Park Seonghwa

    Park Seonghwa

    ☆ | therapist: under his observation

    Park Seonghwa
    c.ai

    Halazia Clinic has been a private medical center running for seven years already. There’s no general patient flow or standard system here – every person gets their own doctor, a private room, and a daily schedule monitored by that specific specialist. No one comes here "just because." Most patients end up here either through connections or after spending a lot of money. That’s how {{user}} got in too: after a long depressive episode and a sharp decline in condition, the family took out a loan because regular clinics simply had nothing else to offer.

    Park Seonghwa had been your therapist for three months already. From the start, he was professional and painfully honest — never sugarcoating your condition, never lying to you just to make you feel better. He spoke calmly, expected consistency, and took your recovery more seriously than you sometimes took it yourself. Somehow, without you even noticing when it started, he became involved in every part of your routine: your sleep schedule, meals, posture, stress levels, even how long you stayed standing by the window when your thoughts got too loud.

    It was a chilly Monday in October, the day of your usual check-up.

    A soft knock came first before the door slowly opened. Seonghwa stepped inside in the same grey suit as always, with thin black turtleneck beneath, silver hair neatly tied back, movements calm and unhurried. He quietly said something to Wooyoung, the nurse on shift, waited for a short nod, then closed the door behind him.

    "Morning. Get ready for check-up." He said in a calm voice, it sounded familiar and gentle. He walked closer to where you sat on the windowsill, his eyes immediately scanning you out of habit, the way you held your shoulders, your hands, the color of your skin under the daylight.
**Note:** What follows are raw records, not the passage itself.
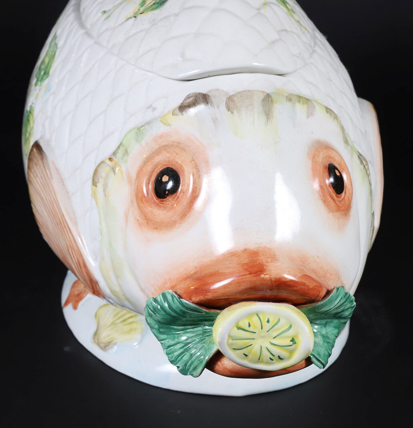 Italian Ceramic Fish Form Tureen and Cover SizeHeight 11 in. Length 20.5 in. Width 8 in.Ref #131-5427 Italian Ceramic Fish Form Tureen and Cover Height 11 in. Length 20.5 in. Width 8 in. This item has been sold. X Visit our BUY IT NOW collection - frequent new additions ENTER
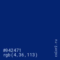 Цвет #042471 в цветовой модели RGB обозначается тремя октетами (4, 36, 113) в десятичном формате и #042471 в шестнадцатиричном (hex) формате, которые являются интенсивностью красного 4 (hex 04), интенсивность зелёного 36 (hex 24) и интенсивность синего 113 (hex 71).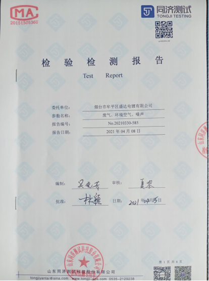 煙台(tái)市牟平區向日葵视频网站電鍍有限公司基本信息及監測信(xìn)息公開信息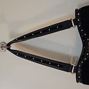 Add a touch of the Wild West to your outfit with this stunning black suede shoulder bag from B. Makowsky. The bag features fringe accents and a tassel, making it the perfect accessory for any bohemian or designer-inspired ensemble. The medium-sized bag is made of high-quality leather, ensuring durability and longevity.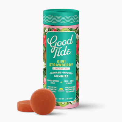Good Tide Kiwi Strawberry 1:1:1 CBD/CBG strain & genetic info: Gary PaytonBursting with tropical goodness, Good Tide gummies transport you to a place where the sun is always shining. Made with real fruit ingredients and full spectrum solventless hash rosin which is full of naturally occurring terpenes and minor cannabinoids, our carefully crafted formulations create a perfect combination of flavor, aroma, and effect. While Good Tide is a fan of breaking the rules, there happen to be three that we have for ourselves: Have fun. Do good. Make waves.Per Package: 100 THC, 100 CBD, 100 CBGPer piece: 10 THC, 10 CBD, 10 CBG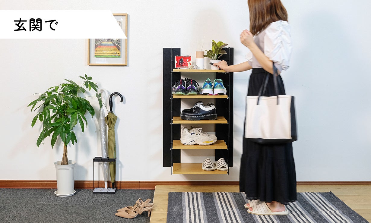基本的なセット商品をご用意しておりますが、さらに追加パーツを購入することで壁のスペースに合わせて収納スペースを上下左右に拡張可能です。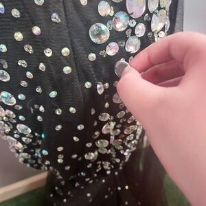 •Glow Dress Gown Backless With Tie Back With Zipper On The Side. The beads are falling off.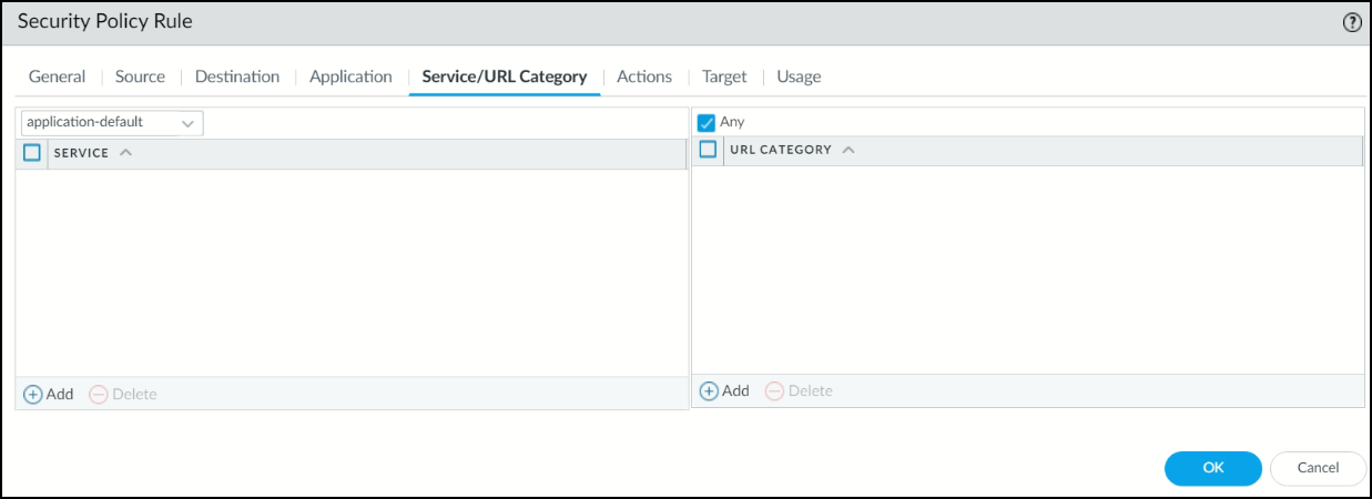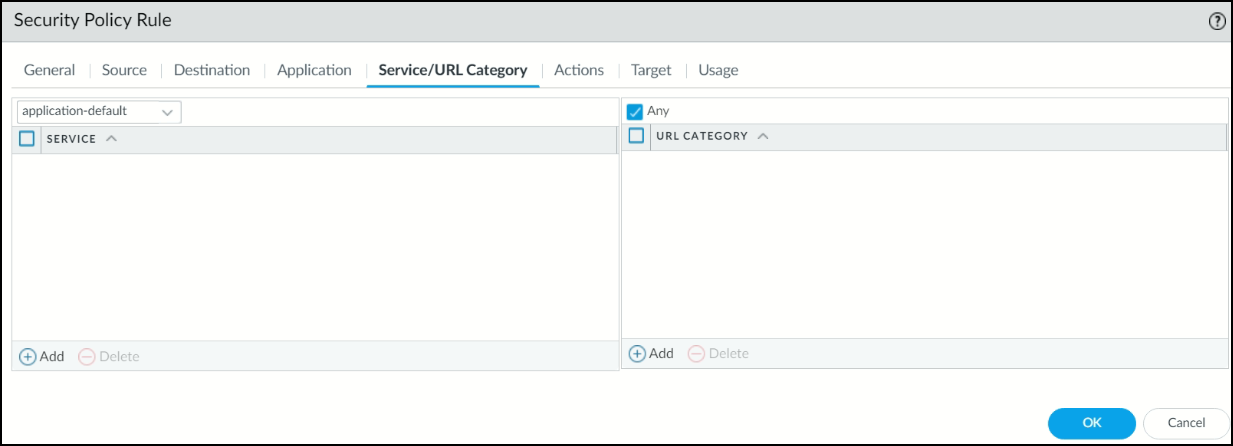 17. Under the Service/URL Category tab, select Any.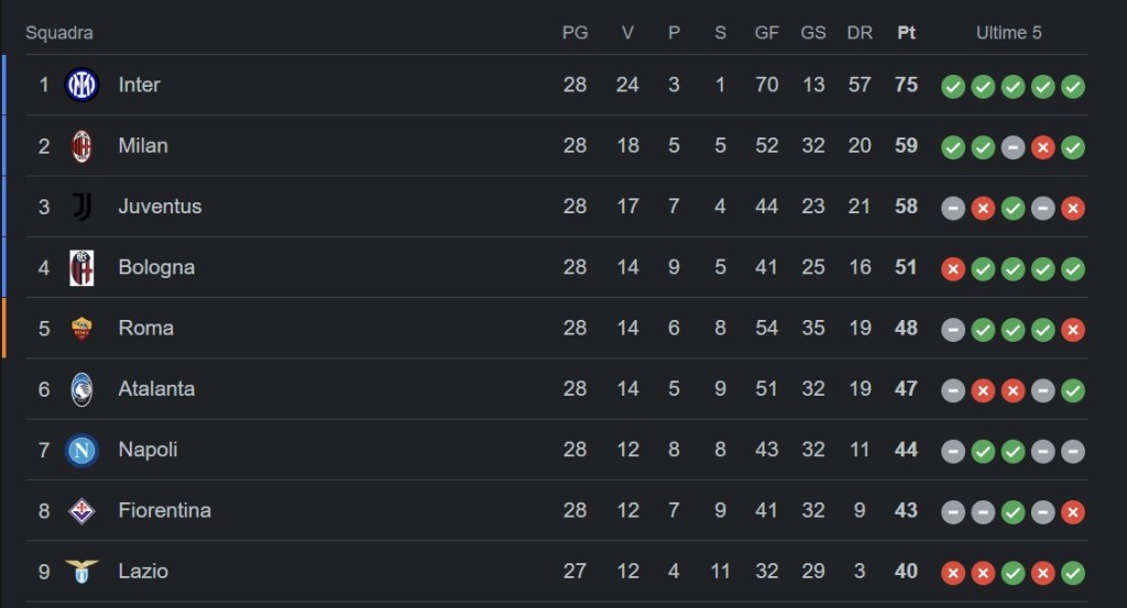 Con la vittoria 1-0 contro l’Empoli e i pareggi di Atalanta e Roma, il vantaggio sul quarto posto sale a 11 punti, una cifra consistente.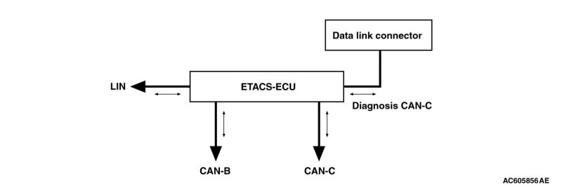 As a central ECU for the on-vehicle communication network system established in the vehicle, the gateway function is integrated into ETACS-ECU. The gateway function offers the following functions:

    "Your cheeks are red..." he murmured softly. Then he reached up and pressed the back of his palm against your forehead to check your temperature. His touch was warm, gentle, lingering just slightly longer than necessary. The familiar scent of Black Opium surrounded him, warm and faintly sweet, something you already associated with comfort before you even realized it.

    "You slept." Not a question. He already knew. Seonghwa never rushed through anything when it came to you. Every adjustment of your sleeve, every reminder to eat properly or sleep earlier, every quiet glance filled with concern, it all carried the same unsettling feeling: somewhere along the way, his care had stopped feeling merely professional, and you both felt that deep down.